= Richard Watson (born 1833) =

English poet

Richard Watson (16 March 1833 – 2 Oct 1891), known as the Bard of Teesdale was an English poet from Middleton-in-Teesdale, County Durham. He wrote in both Standard English and the Teesdale dialect.

==Life==
Richard Watson was born on March 16, 1833, in Middleton-in-Teesdale, to William Watson, a miner employed by the London Lead Company. At the age of six, he began attending the company's school, established for workers’ children, where he received a basic education under schoolmaster John Hyslop. However, due to his family's financial difficulties, Watson left school at the age of ten to work in the leadmines.

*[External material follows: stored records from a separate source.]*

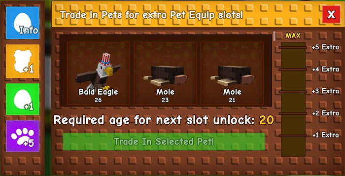 Mọi người có thể mở khóa ô thú mới bằng Robux hoặc bằng cách bán thú cưng già tại Egg Shop. Để thực hiện, hãy giữ thú đã có tuổi rồi đến gặp NPC Raphael, chọn I want to sell my pet để đổi lấy ô mới. Người chơi có thể tham khảo Grow A Garden: Cách tăng slot trang bị trứng và thú cưng để biết chi tiết từng bước.
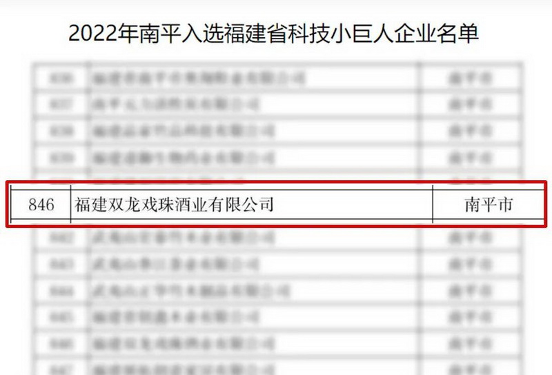 近日,福建省科學(xué)技術(shù)廳公布了2022年“福建省科技小巨人企業(yè)”名單,福建雙龍戲珠酒業(yè)有限公司憑借雄厚的技術(shù)實力和卓越的產(chǎn)品品質(zhì),從眾多企業(yè)中脫穎而出,獲評“福建省科技小巨人企業(yè)”。
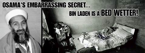 “这几位被捕的恐怖分子不原意泄漏他们领袖不体面的秘密,但是,我们最终查明本·拉登在这儿的每个晚上都会尿床,”该负责人说。
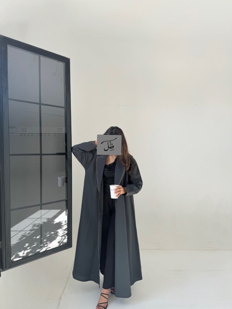 قماش العباية: كتان اسود ، زيتي ، كحلي .
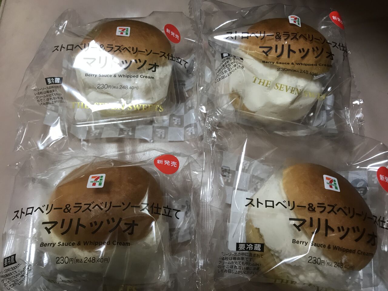 デザートは、セブンイレブンのマリトッツォ ストロベリー&ラズベリーソース仕立て。
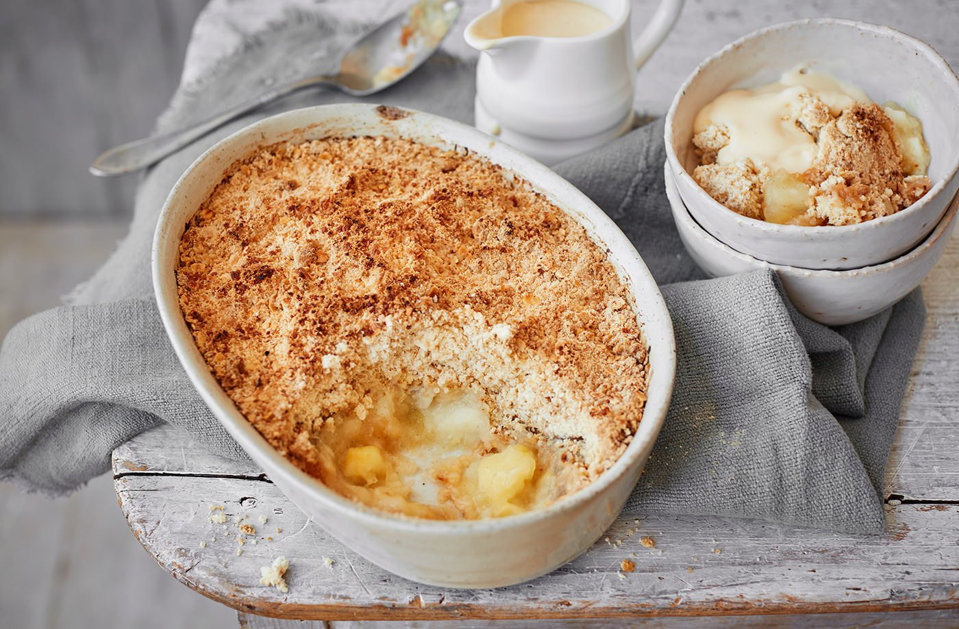Mix filling ingredients and place in a greased baking dish. Mix crumble topping and sprinkle over apples. Bake at 180°C (350°F) for 35–40 minutes until golden.
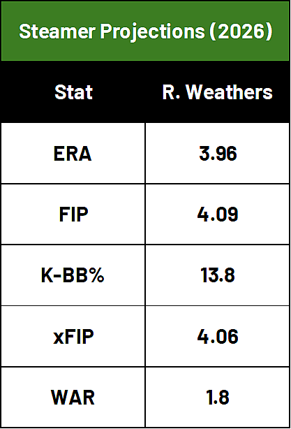 Without any improvements to his mix, Ryan Weathers is already projected to be a no. 3-4 starter for the upcoming 2026 season according to Steamer.
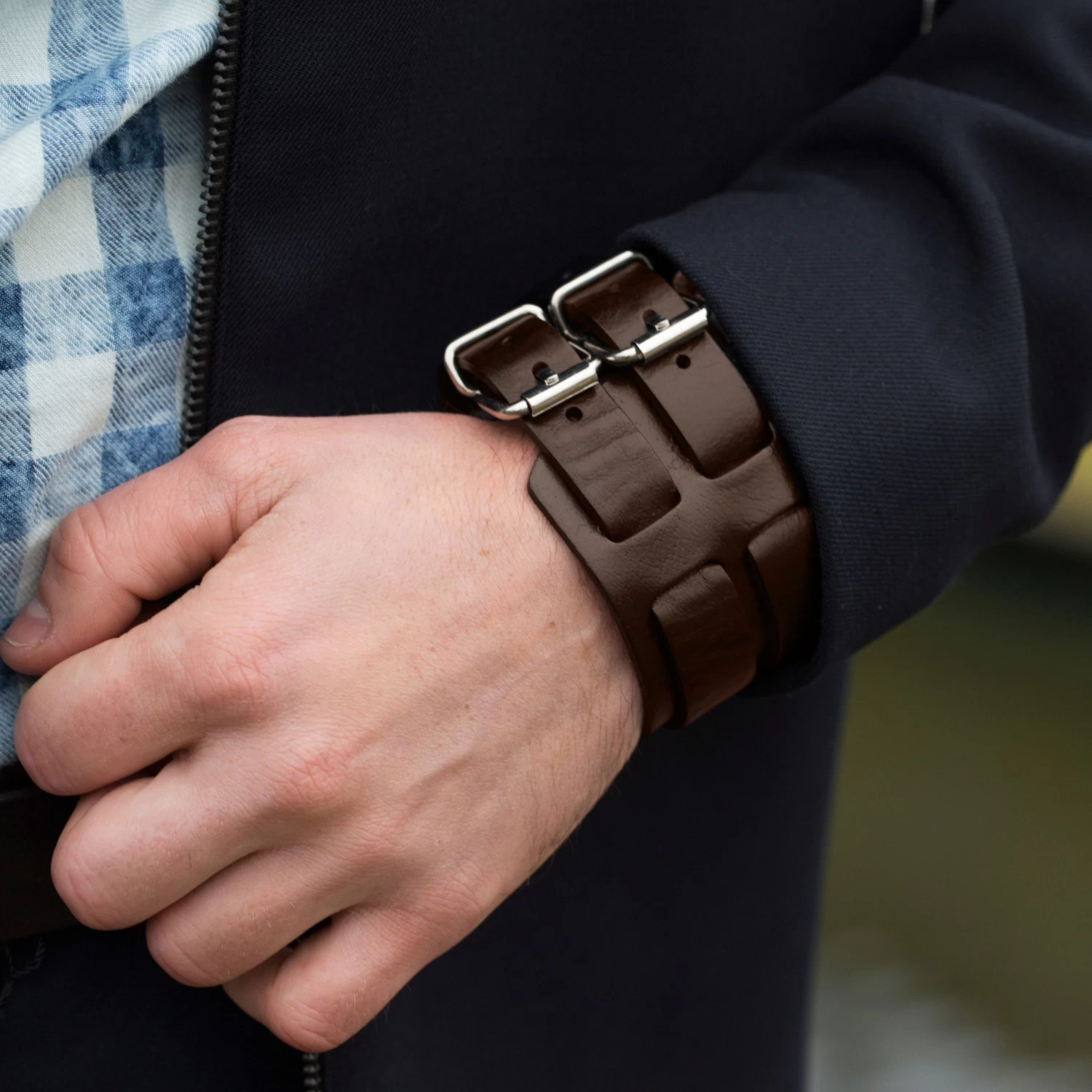 One of our most popular raw leather bracelets, this chunky model adds a weighty impact to your overall look.
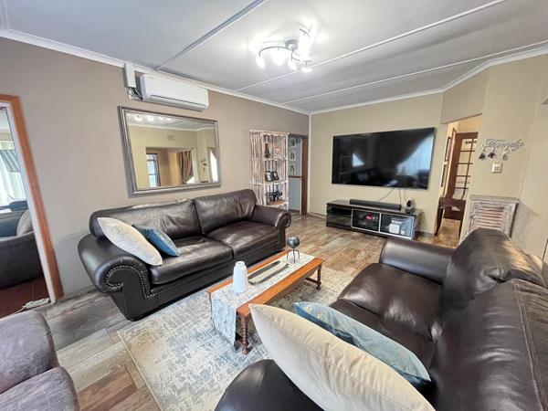 The kitchen is spacious and well-equipped with an electric stove, under-counter oven, and a separate scullery that comfortably accommodates a top-loader washing machine, dishwasher, and double-door fridge. From the kitchen, you flow into a tiled dining room and then into a large lounge with air conditioning, perfectly sized for a three-piece couch set. The lounge leads into a fun and stylish entertainmentbar area, ideal for hosting friends and family.
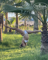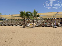 Пляж. Это - просто рай! Ходит от отеля шаттл (маршрутка №1), по заявлению каждые 15 минут, но это не так. Примерно каждые 30 минут. Ехать минут 5-10, можно и прогуляться вдоль базара и отелей, тоже не так далеко. Но есть отрезок пути вдоль мусорок других отелей, надо пробегать). Красивое кафе на пляже с приличным туалетом. Есть диваны, кресла удобные и столики. Готовят вкусно и главное подают красиво. Посуда современная, если вы едите и пьете в кафе-вам подадут в стекле, если на пляже, в пластик. Есть выбор не плохой. Салаты очень вкусный Цезарь, и с море продуктами. Пиццы различные и вкусные. Паста сносная. Фрукты. Напитки. Ребята все немного понимают русский язык, только делают вид, что не понимают))) но чаевые и приветливое общение – делают своё дело! Шеф кафе Баттал, вообще мировой парень, обслуживает быстро и порекомендует что выбрать. Бармен Карим и Шакир – молодцы, просто не жмитесь на чаевые и ребята вас всегда поймут! Аля-карт ужин проходит вечером в этом кафе, всё красиво и вкусно. Нам предложили стейк и рыбный, ходили на стейк. Всё супер-готовят прекрасно! Шеф-повару РЕСПЕКТ! Затем идет зеленная зона с газоном и пальмами, среди которых расположены шезлонги и гамаки, рядом душ и передевалка. Деревянные бунгало с матрасом и балдахином + отдельные лежаки, можно там балдеть за 100 евро в день!!!! За что такой ценник-не понятно и дорого! Песок мелкий и читсый, лежаки со столиками и горшком под мусор. Тенты хорошие. Заход в море пологий, море чистое. Но дорожку до воды могли бы как то поливать или положить коврики. Песок горячий.

His father's death at the age of 47 left 14-year-old Richard as part of a struggling household, supporting his widowed mother, two brothers, and six sisters. Despite these hardships, Watson showed an early gift for poetry, entertaining schoolmates and miners with impromptu verses. Much of his early work was not written down, but his talent became widely recognised after the publication of Dialogue between the Tower and Bridge in the Teesdale Mercury.

The poem's success marked the start of Watson's reputation as a poet. His style, influenced by Robert Burns, blended humour and philosophy, capturing the character of rural life in Teesdale. His work has continued to be celebrated for its authenticity and connection to the Teesdale region.